» DATA LISTING
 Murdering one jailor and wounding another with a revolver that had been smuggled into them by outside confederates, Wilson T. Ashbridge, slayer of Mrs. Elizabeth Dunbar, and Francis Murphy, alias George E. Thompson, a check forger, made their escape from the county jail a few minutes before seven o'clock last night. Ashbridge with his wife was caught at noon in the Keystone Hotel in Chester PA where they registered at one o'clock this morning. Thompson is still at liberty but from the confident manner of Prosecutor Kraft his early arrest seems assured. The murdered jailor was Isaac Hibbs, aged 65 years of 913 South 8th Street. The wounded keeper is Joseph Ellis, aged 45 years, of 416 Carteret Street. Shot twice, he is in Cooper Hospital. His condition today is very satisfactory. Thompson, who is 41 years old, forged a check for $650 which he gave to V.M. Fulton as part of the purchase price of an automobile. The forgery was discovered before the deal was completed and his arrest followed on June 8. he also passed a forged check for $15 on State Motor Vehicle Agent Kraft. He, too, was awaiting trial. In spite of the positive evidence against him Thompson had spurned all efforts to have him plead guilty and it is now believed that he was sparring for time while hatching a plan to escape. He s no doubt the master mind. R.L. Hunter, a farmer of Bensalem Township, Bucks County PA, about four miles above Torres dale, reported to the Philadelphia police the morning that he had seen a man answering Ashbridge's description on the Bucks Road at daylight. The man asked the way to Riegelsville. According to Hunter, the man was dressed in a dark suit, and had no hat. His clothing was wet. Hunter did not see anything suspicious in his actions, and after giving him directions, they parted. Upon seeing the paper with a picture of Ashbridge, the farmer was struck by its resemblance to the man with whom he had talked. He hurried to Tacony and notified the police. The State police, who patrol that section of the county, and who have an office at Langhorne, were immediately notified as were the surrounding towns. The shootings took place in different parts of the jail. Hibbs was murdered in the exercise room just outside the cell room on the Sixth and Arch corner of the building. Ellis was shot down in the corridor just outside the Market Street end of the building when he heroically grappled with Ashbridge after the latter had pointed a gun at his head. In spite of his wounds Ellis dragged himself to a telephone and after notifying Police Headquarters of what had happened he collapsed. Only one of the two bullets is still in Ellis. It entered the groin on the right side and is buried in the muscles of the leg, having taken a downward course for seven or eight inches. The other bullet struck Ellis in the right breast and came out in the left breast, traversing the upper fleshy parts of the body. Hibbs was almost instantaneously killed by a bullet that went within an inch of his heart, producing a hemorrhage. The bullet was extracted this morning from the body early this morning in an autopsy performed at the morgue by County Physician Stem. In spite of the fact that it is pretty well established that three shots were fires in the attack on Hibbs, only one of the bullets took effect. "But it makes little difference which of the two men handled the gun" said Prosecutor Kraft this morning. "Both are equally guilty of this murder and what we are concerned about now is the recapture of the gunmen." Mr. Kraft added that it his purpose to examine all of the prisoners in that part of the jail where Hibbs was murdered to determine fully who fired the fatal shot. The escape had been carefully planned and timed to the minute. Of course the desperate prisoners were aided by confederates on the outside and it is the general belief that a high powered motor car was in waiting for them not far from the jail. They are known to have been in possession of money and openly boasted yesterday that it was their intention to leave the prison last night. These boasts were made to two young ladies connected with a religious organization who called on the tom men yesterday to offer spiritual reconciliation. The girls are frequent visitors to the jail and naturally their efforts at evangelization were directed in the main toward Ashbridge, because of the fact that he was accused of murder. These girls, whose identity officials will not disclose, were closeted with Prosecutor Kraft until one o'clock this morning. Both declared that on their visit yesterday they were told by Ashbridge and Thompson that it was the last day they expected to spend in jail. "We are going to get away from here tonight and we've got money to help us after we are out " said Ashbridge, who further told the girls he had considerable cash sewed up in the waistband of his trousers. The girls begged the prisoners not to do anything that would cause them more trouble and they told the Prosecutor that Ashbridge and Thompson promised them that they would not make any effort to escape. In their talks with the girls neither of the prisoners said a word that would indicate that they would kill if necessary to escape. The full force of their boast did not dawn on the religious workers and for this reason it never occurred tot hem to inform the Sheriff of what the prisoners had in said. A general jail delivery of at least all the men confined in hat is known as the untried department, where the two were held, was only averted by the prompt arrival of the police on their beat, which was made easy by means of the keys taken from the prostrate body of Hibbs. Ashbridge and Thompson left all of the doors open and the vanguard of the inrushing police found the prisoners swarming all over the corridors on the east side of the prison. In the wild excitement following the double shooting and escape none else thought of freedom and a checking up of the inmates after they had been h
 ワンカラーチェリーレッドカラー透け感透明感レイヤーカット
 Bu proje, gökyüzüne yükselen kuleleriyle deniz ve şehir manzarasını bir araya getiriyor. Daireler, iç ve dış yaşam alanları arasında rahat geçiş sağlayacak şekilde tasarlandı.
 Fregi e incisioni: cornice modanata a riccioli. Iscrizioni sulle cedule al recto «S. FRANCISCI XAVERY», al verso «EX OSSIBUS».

---

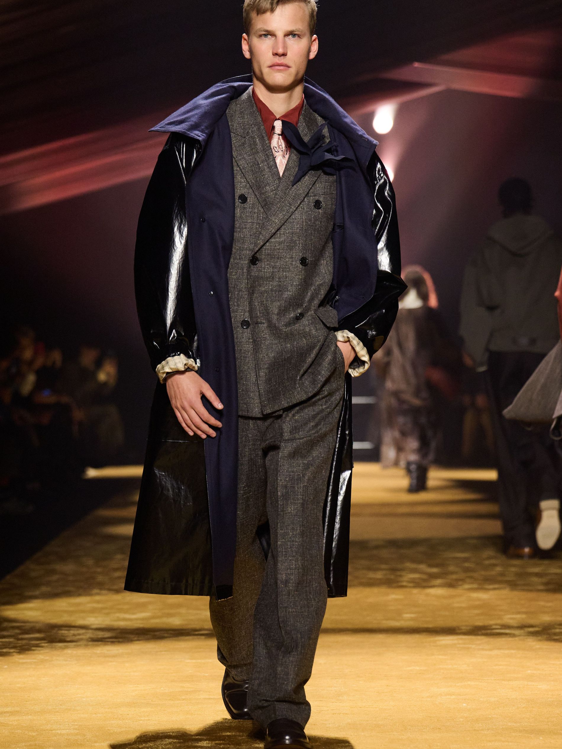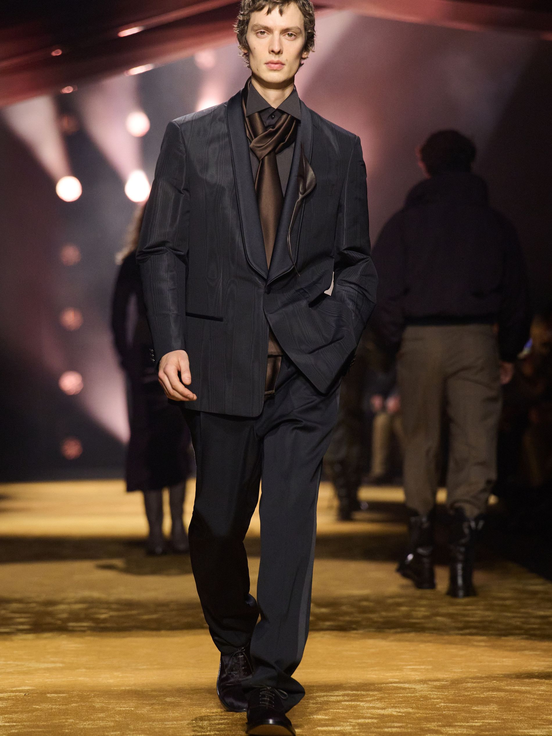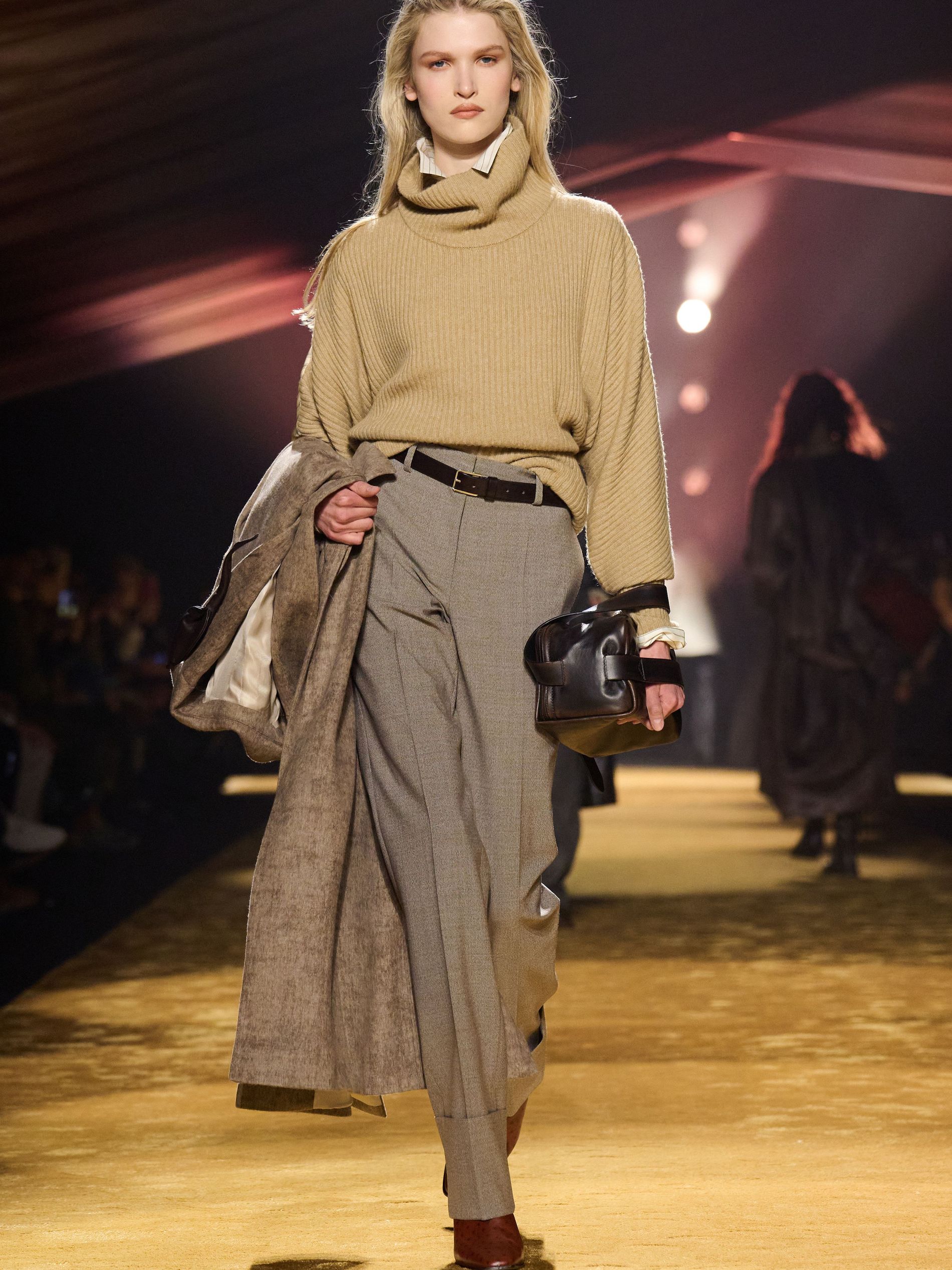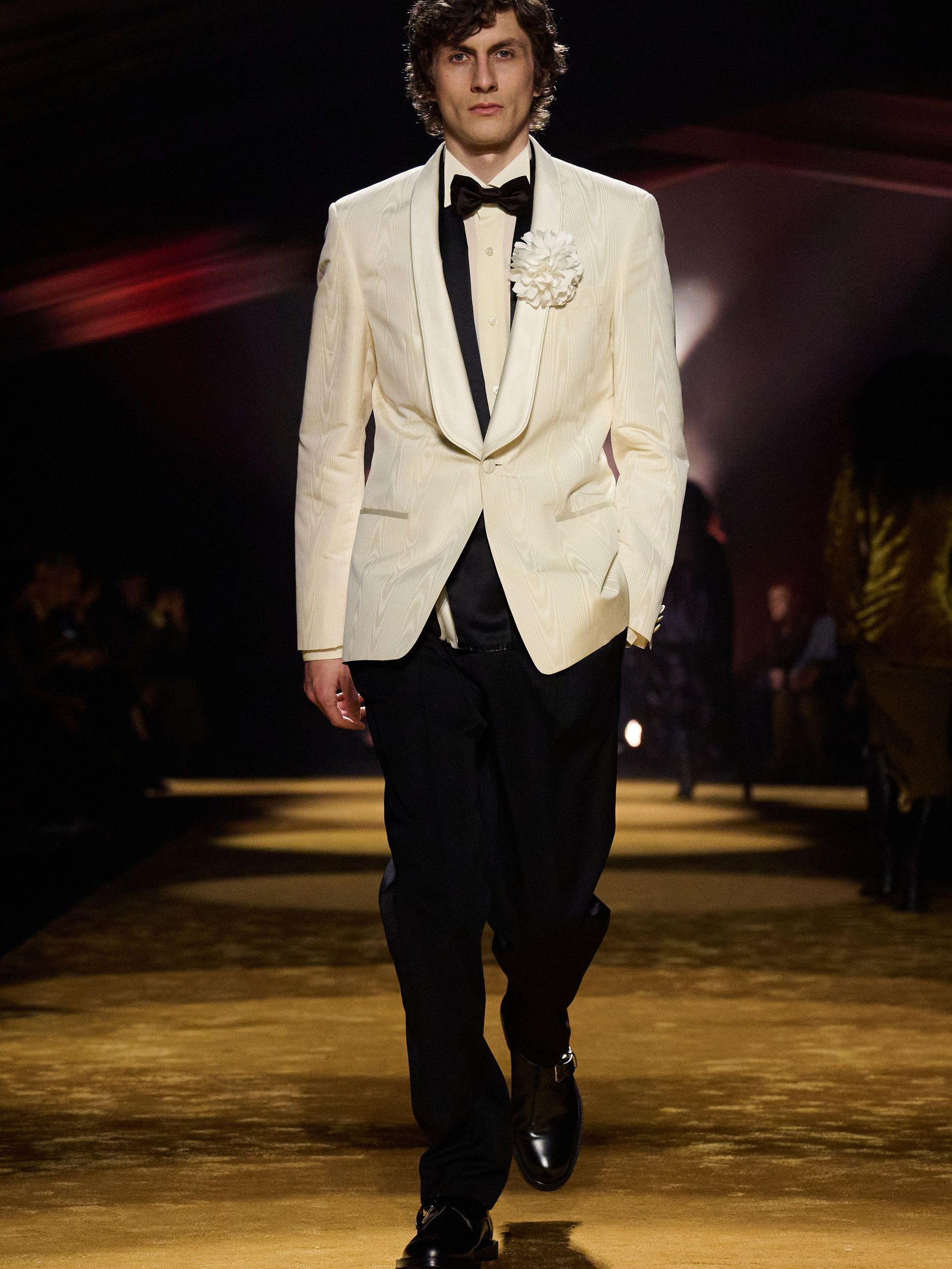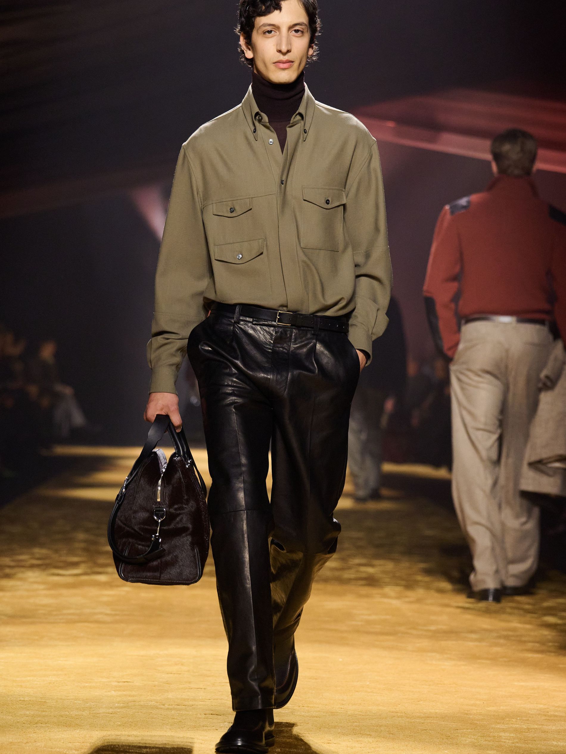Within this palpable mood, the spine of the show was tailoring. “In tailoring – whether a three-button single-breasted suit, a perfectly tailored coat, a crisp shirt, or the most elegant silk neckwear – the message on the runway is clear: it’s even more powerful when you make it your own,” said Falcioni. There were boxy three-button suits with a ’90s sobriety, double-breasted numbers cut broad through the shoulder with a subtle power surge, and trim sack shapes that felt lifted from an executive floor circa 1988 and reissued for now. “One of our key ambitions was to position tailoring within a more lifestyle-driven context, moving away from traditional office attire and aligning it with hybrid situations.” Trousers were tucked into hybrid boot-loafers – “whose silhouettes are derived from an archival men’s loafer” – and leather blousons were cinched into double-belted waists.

» WORK REQUIRED
Look above for the line containing "ワンカラーチェリーレッドカラー透け感透明感レイヤーカット" and the line containing "Fregi e incisioni: cornice". Transcribe both, with the lines between them, exactly.

» EXERCISE RESPONSE
 ワンカラーチェリーレッドカラー透け感透明感レイヤーカット
 Bu proje, gökyüzüne yükselen kuleleriyle deniz ve şehir manzarasını bir araya getiriyor. Daireler, iç ve dış yaşam alanları arasında rahat geçiş sağlayacak şekilde tasarlandı.
 Fregi e incisioni: cornice modanata a riccioli. Iscrizioni sulle cedule al recto «S. FRANCISCI XAVERY», al verso «EX OSSIBUS».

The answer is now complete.